---- Data excerpts

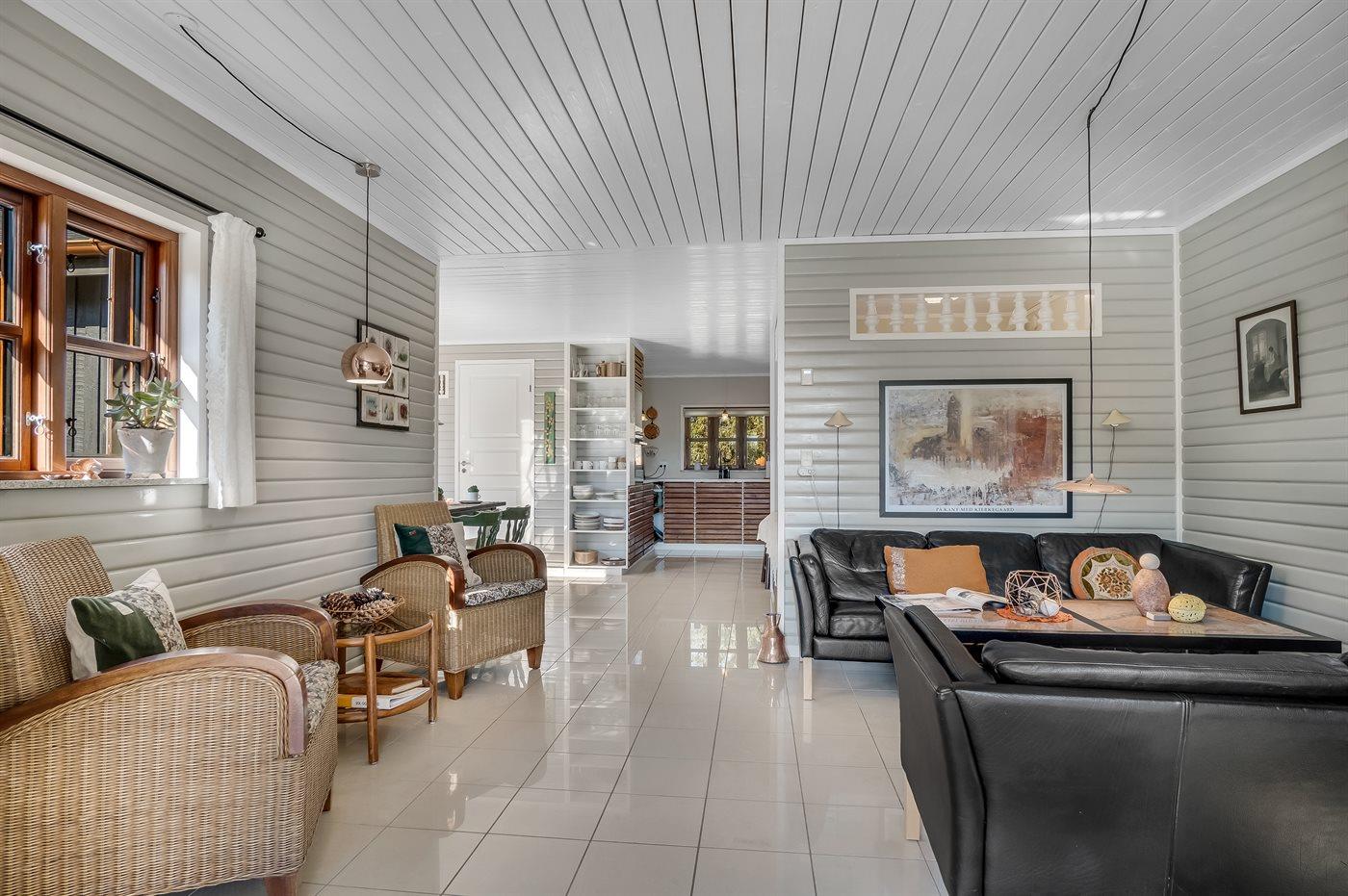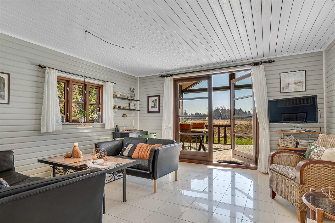 Skønt sommerhus beliggende i udkanten af et fredeligt sommerhusområde, for enden af en blind vej, på en meget stor delvis lukket grund med dejlig udsigt ud over det naturskønne landskab.
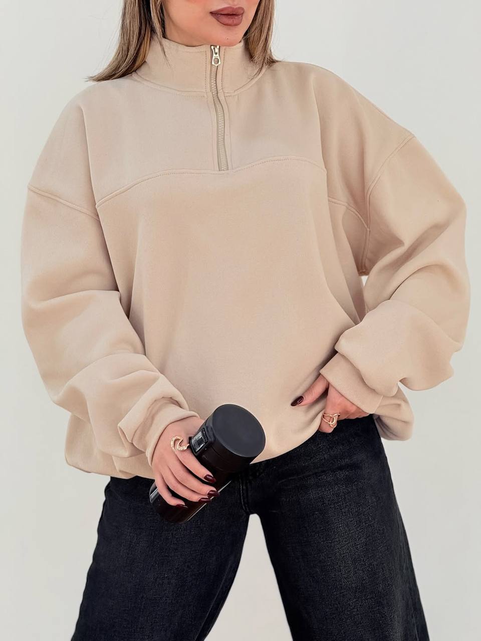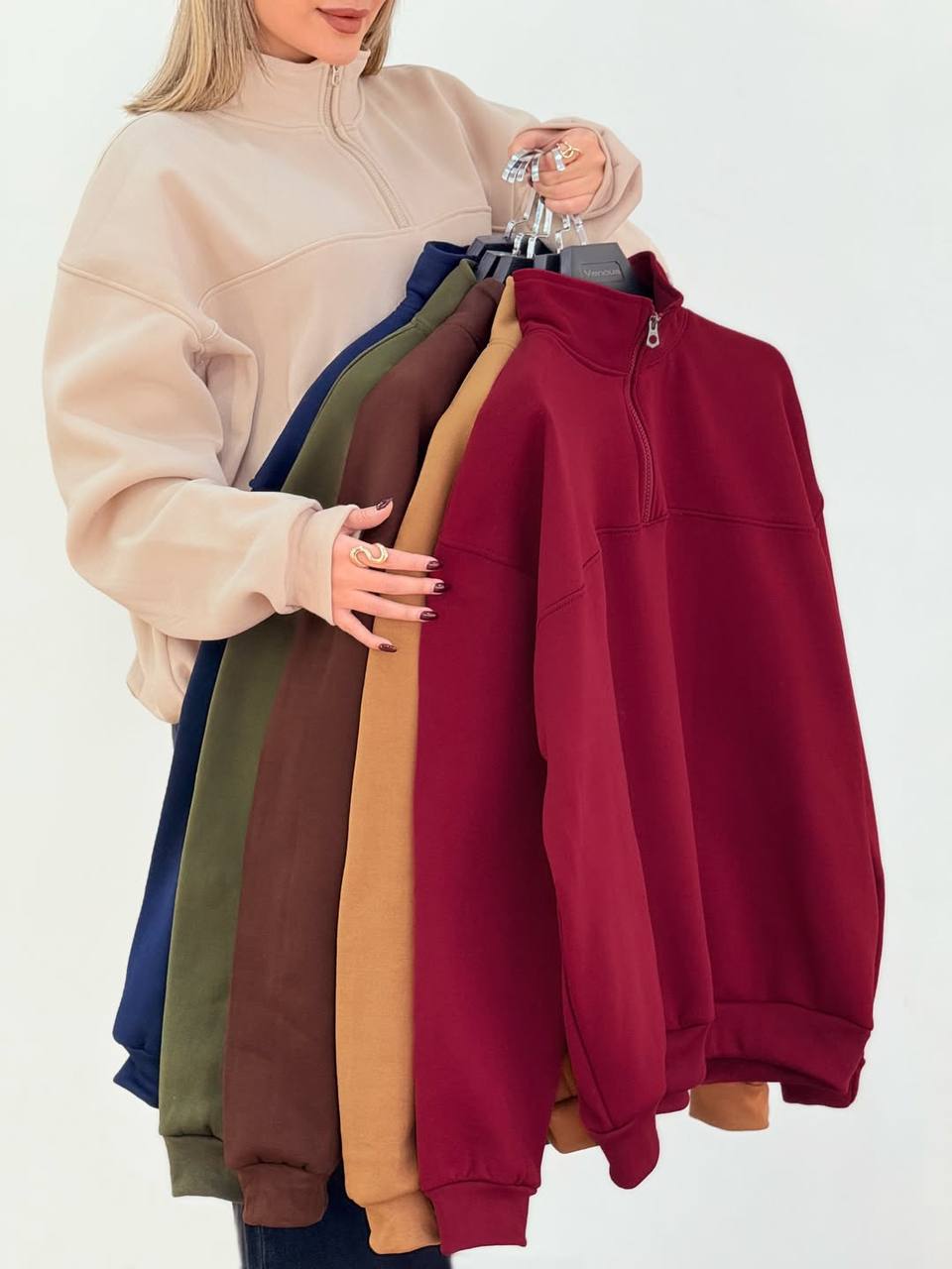 دورس نیم زیپ زنانه مدل املیا دارای جنس دورس داخل کرکی در رنگبندی و فری سایز مناسب ۳۸ تا ۴۶ قابل سفارش است قد حدود ۶۰
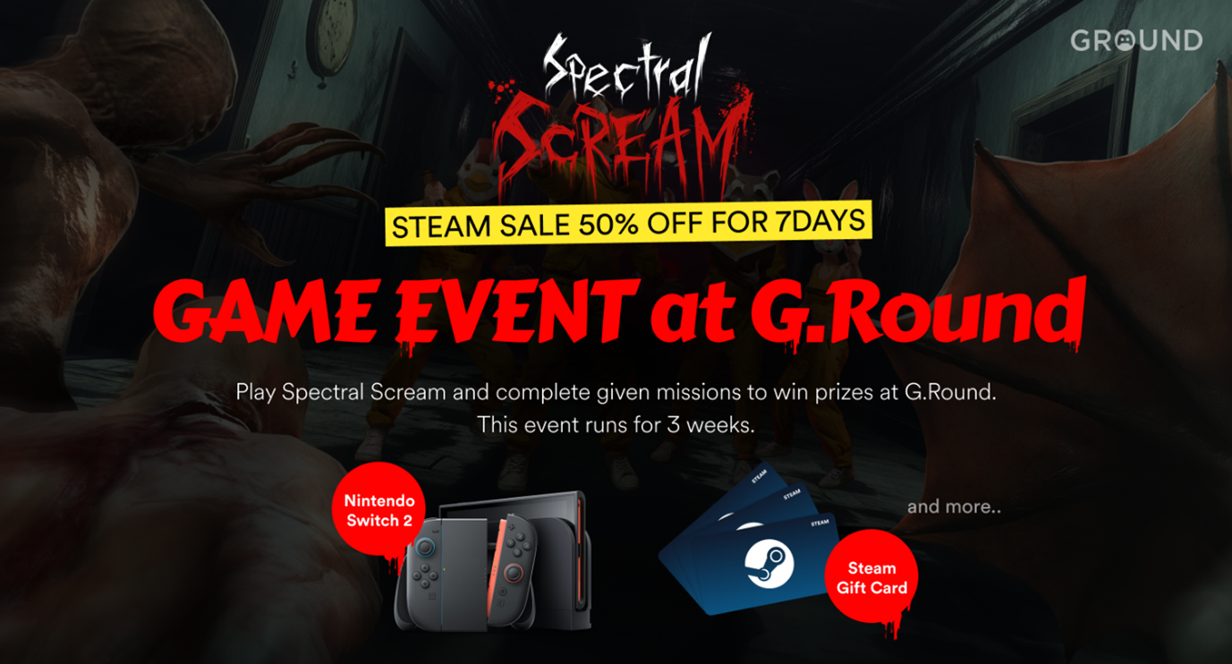為紀念《Spectral Scream 幽靈尖叫》「幽靈站」更新,將於 Steam 舉辦為期七日的限時五折優惠活動,並在全球遊戲測試與行銷平台 G.Round 推出為期兩週的遊戲挑戰。
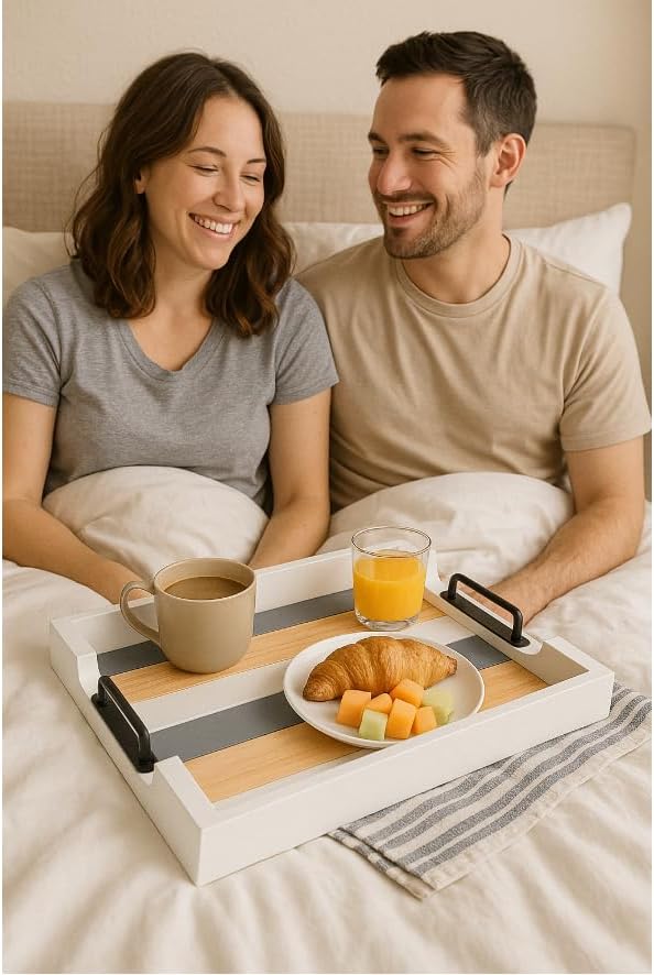 - ✅ 【HIGH-QUALITY SERVING TRAY】- After countless times of adjustment and testing, we chose advanced natural pine wood grain material to ensure lightweight, durability and stability.
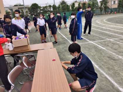 各係の生徒が早くから集まり準備をしています。競技以外のところでも全力です。(片山)
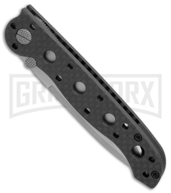 Add a rare discontinued CRKT folder to your collection with the M16-01F. The CRKT M16-01F features a hollow ground spear point blade with a plain edge and a satin finish. The blade is easily opened with the dual thumb studs. The Teflon bearings at the blade pivot and an adjustable pivot screw allow for perfect blade action.
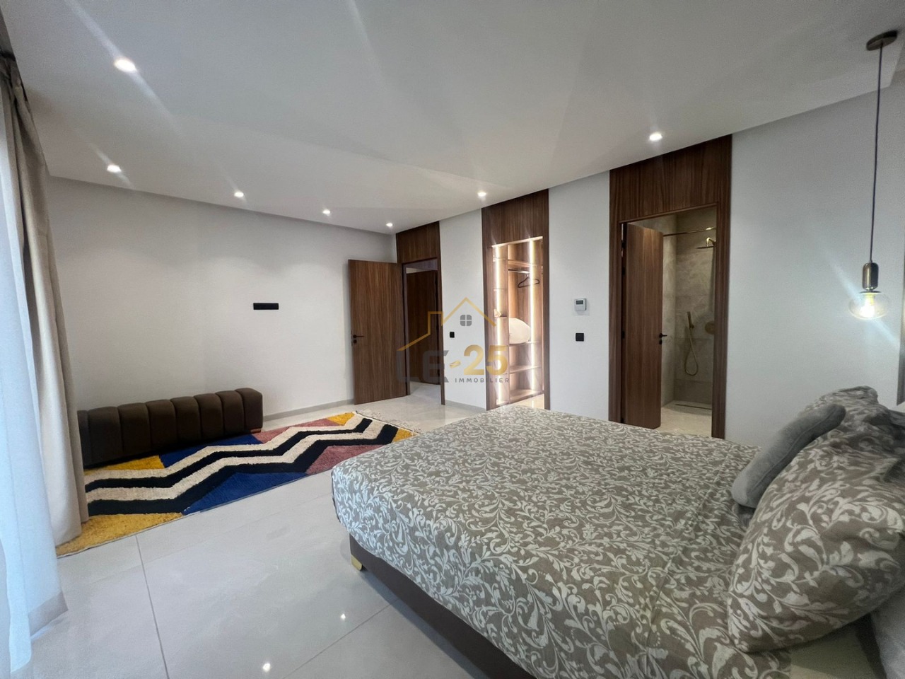 À l’étage, la villa propose une suite parentale sophistiquée avec salle de bain, dressing et terrasse privée, offrant un espace de détente intime avec une vue imprenable sur les oliviers. Trois autres chambres, chacune avec dressing et terrasse, accueillent famille ou invités, accompagnées de deux salles de bain supplémentaires pour plus de confort. Un hammam belli traditionnel vient renforcer le bien-être de ses occupants.
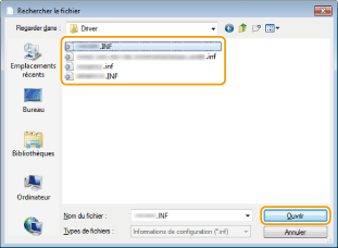 Spécifiez le dossier contenant les pilotes, sélectionnez le fichier Inf et cliquez sur [Ouvrir].
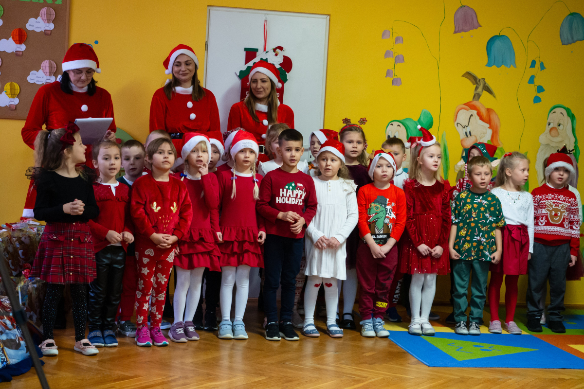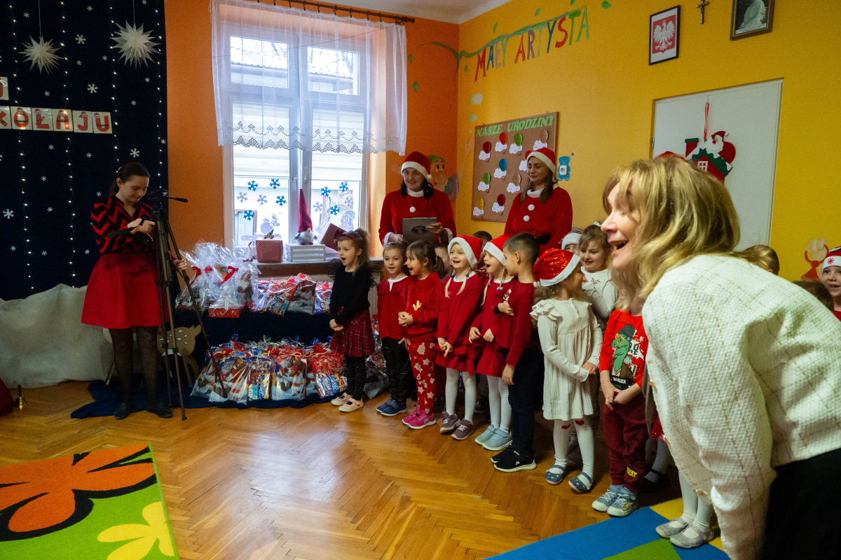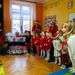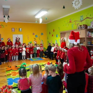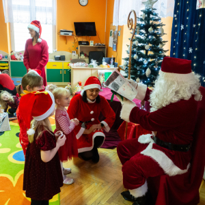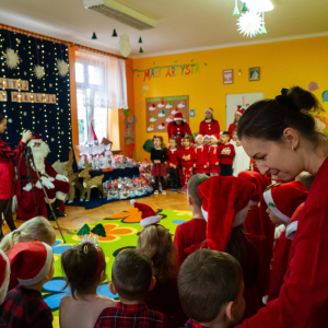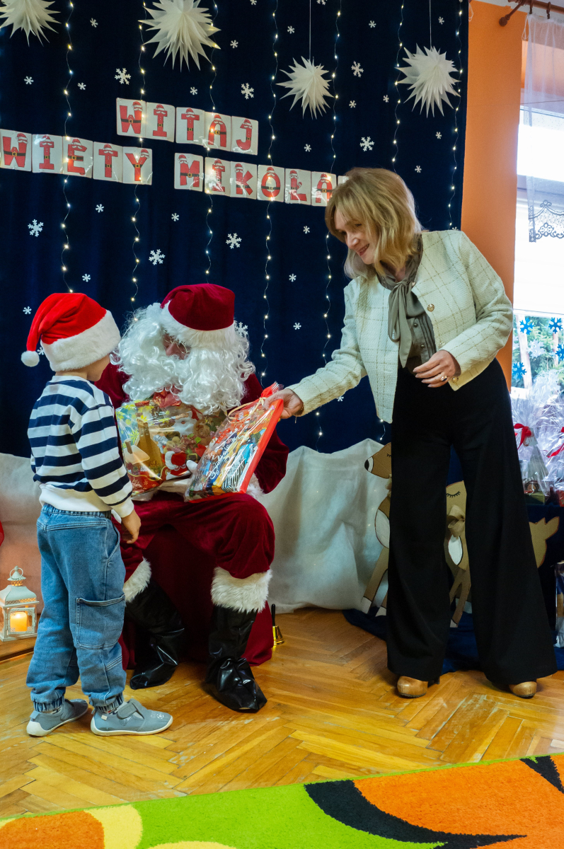 Na twarzach najmłodszych już od rana malowało się wyczekiwanie, a pojawienie się Mikołaja wywołało prawdziwy entuzjazm. Każde dziecko otrzymało paczkę pełną słodkości i drobnych upominków. W przedszkolu panowała ciepła, świąteczna atmosfera, wypełniona śpiewem, uśmiechem i rozmowami z wyjątkowym gościem.
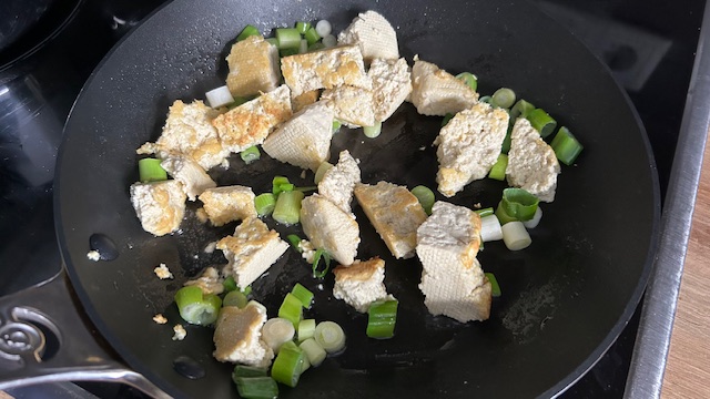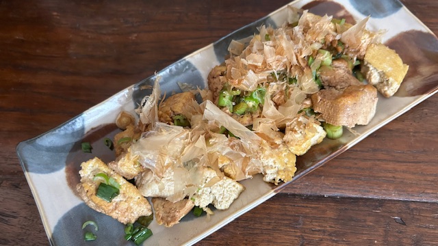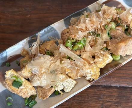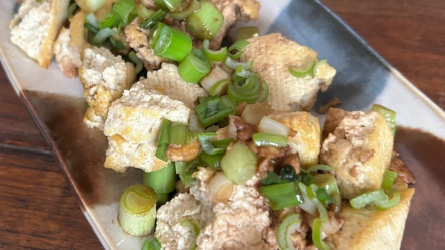 Außen leicht knusprig, innen weich: Kaminari-Dōfu („Donner-Tofu“) ist ein einfaches japanisches Gericht, bei dem Tofu kurz scharf angebraten und mit Sojasauce, Frühlingszwiebeln und Katsuobushi verfeinert wird.

--------

Your reply should hold only the lines running from the one with "Spécifiez le dossier" to the end of the data above, set down exactly, pictures omitted.

 Spécifiez le dossier contenant les pilotes, sélectionnez le fichier Inf et cliquez sur [Ouvrir].
 Na twarzach najmłodszych już od rana malowało się wyczekiwanie, a pojawienie się Mikołaja wywołało prawdziwy entuzjazm. Każde dziecko otrzymało paczkę pełną słodkości i drobnych upominków. W przedszkolu panowała ciepła, świąteczna atmosfera, wypełniona śpiewem, uśmiechem i rozmowami z wyjątkowym gościem.
 Außen leicht knusprig, innen weich: Kaminari-Dōfu („Donner-Tofu“) ist ein einfaches japanisches Gericht, bei dem Tofu kurz scharf angebraten und mit Sojasauce, Frühlingszwiebeln und Katsuobushi verfeinert wird.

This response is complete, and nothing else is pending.